How an Air Cylinder Works
Air cylinders function as actuators in pneumatic systems; an actuator is any mechanism that supplies or transmits controlled energy as part of a mechanical process. Many mechanical processes require access to an actuation method that is reliable, makes no use of harmful chemicals and that is available in many configurations. Different applications call for different air cylinder configurations. The single acting cylinder is able to perform an operating motion in one direction. Pressurized air is introduced on one side of a piston, which causes the piston to move. A spring on the other side of the piston supplies the return force after the pressurized air is released. Single acting cylinders require approximately half the amount of air used by a double acting cylinder for a single operating cycle. A double acting pneumatic cylinder is capable of powered motion in two directions. When a cylinder is pushed out in one direction, compressed air moves it back in the other direction. Air lines running into both ends of the cylinder supply the compressed air. Within these two main configuration categories, there are many specialized configurations available.
Design of Pneumatic Air Cylinders
Every air cylinder is composed of a piston, end covers, and a cylinder barrel with at least one air inlet. As compressed air is directed into the cylinder, it pushes the piston along the cylinder’s length. The cylinder can be connected to a protruding rod or other structure, which is connected to the object that is intended to be moved.

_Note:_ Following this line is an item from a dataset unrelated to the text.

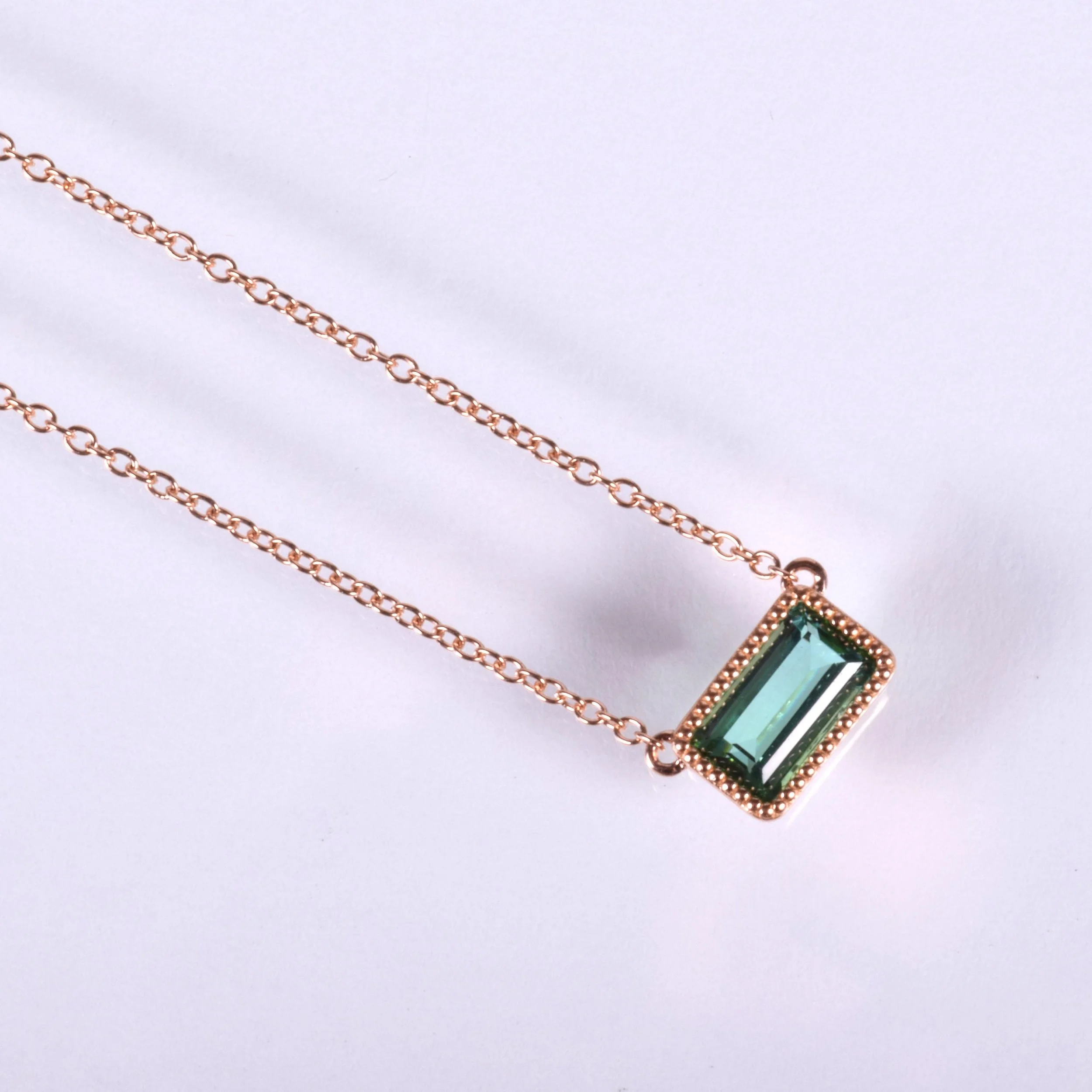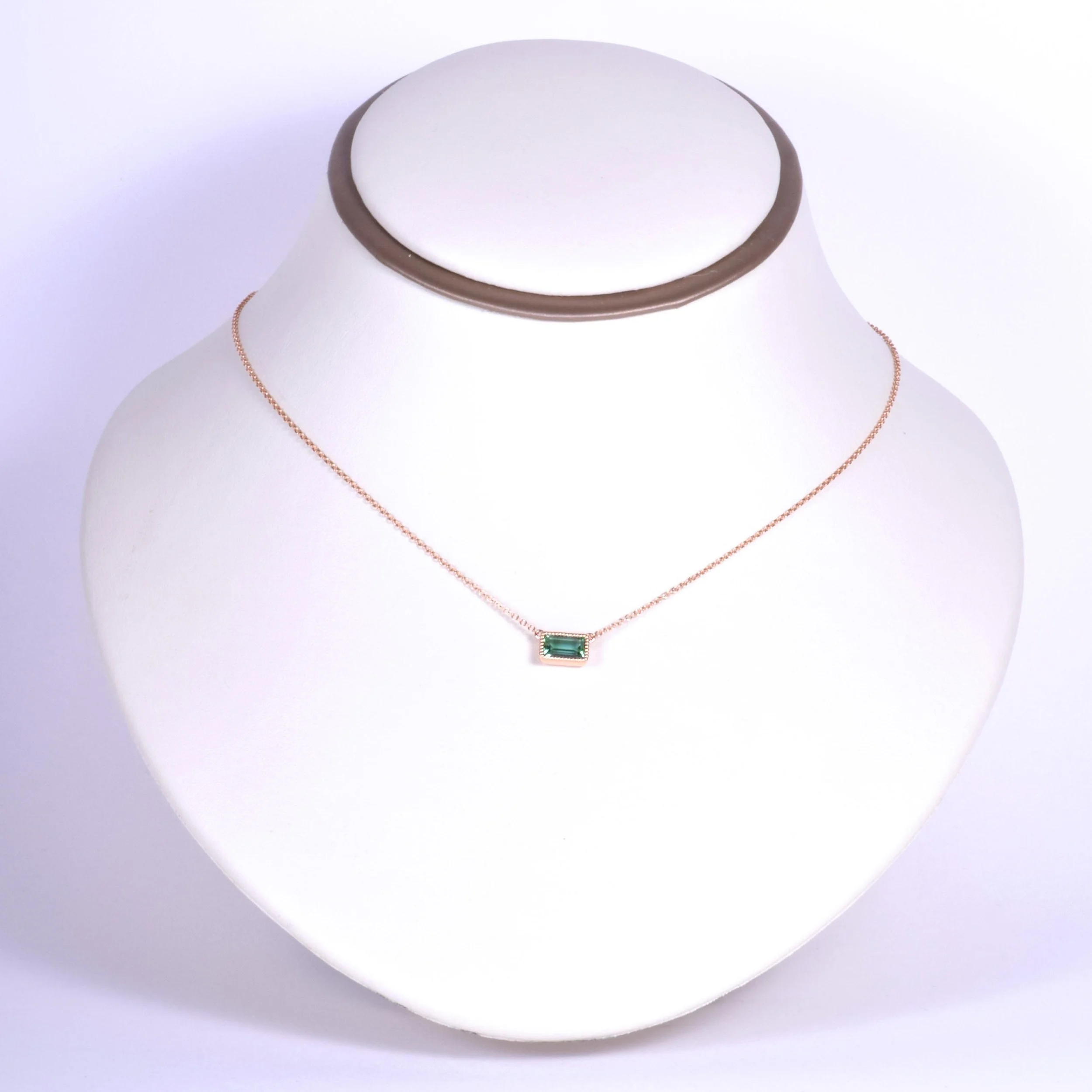 This simple, but classic 18k rose gold necklace can go with you just about anywhere! Designed in house and crafted in Italy, we couldn't be happier as to how this piece turned out. We chose to showcase a gorgeous indicolite tourmaline in this necklace and you can see why! Adding the beaded framework around the bezel set gemstone only accentuates the piece more. The combination of the rose gold setting with the blue-green indicolite is just divine! Wear this lovely necklace on its own or layered with other complimentary necklaces.

Pneumatic cylinders will vary in appearance, size, and function. They generally fall into one of these categories: single acting cylinders (SAC’s), double acting cylinders (DAC’s), and other types. Valves control the flow of compressed air to the cylinder in both configurations.
SAC Design
SAC’s - Single acting (single stage) cylinders have a single inlet which allows compressed air in and moves the piston in one direction. A spring behind the piston pushes the piston back when the compressed air is evacuated. SAC’s require approximately half the amount of air used by a double acting cylinder for a single operating cycle. An example of an SAC would be a rotary screw air compressor. It has two interlocking helical rotors in a vessel or housing. Air comes in through an inlet valve and is taken into the space between the rotors. As the screws turn, they reduce the volume of the air, thus increasing the pressure.
DAC Design
DAC’s - Double acting (two-stage) cylinders are capable of powered motion in two directions. They have two inlets, one on either side of the piston, which allow compressed air in and out, pushing the piston back and forth. Here on IQS Directory, you can find a list of double acting cylinder manufacturers.
Although SAC’s and DAC’s are the most common types of pneumatic cylinders, there are numerous other types of pneumatic cylinders designed to fulfill specific and specialized functions.
Other Air Cylinder Designs
Cable cylinders have elongated housing, two rollers, and a cable that extends from one end of the cylinder to the other. The yoke, which is the load-bearing surface, is suspended by the cable and moves its attached load as the cable moves back and forth.
Rotary cylinders differ from typical air cylinders because they allow revolving motion instead of linear motion. They are typically housed in a circular enclosure in which impellers turn around an axis when pushed by a stream of compressed air. The load-bearing carriage is attached to the axis, which turns in circles both clockwise and counterclockwise.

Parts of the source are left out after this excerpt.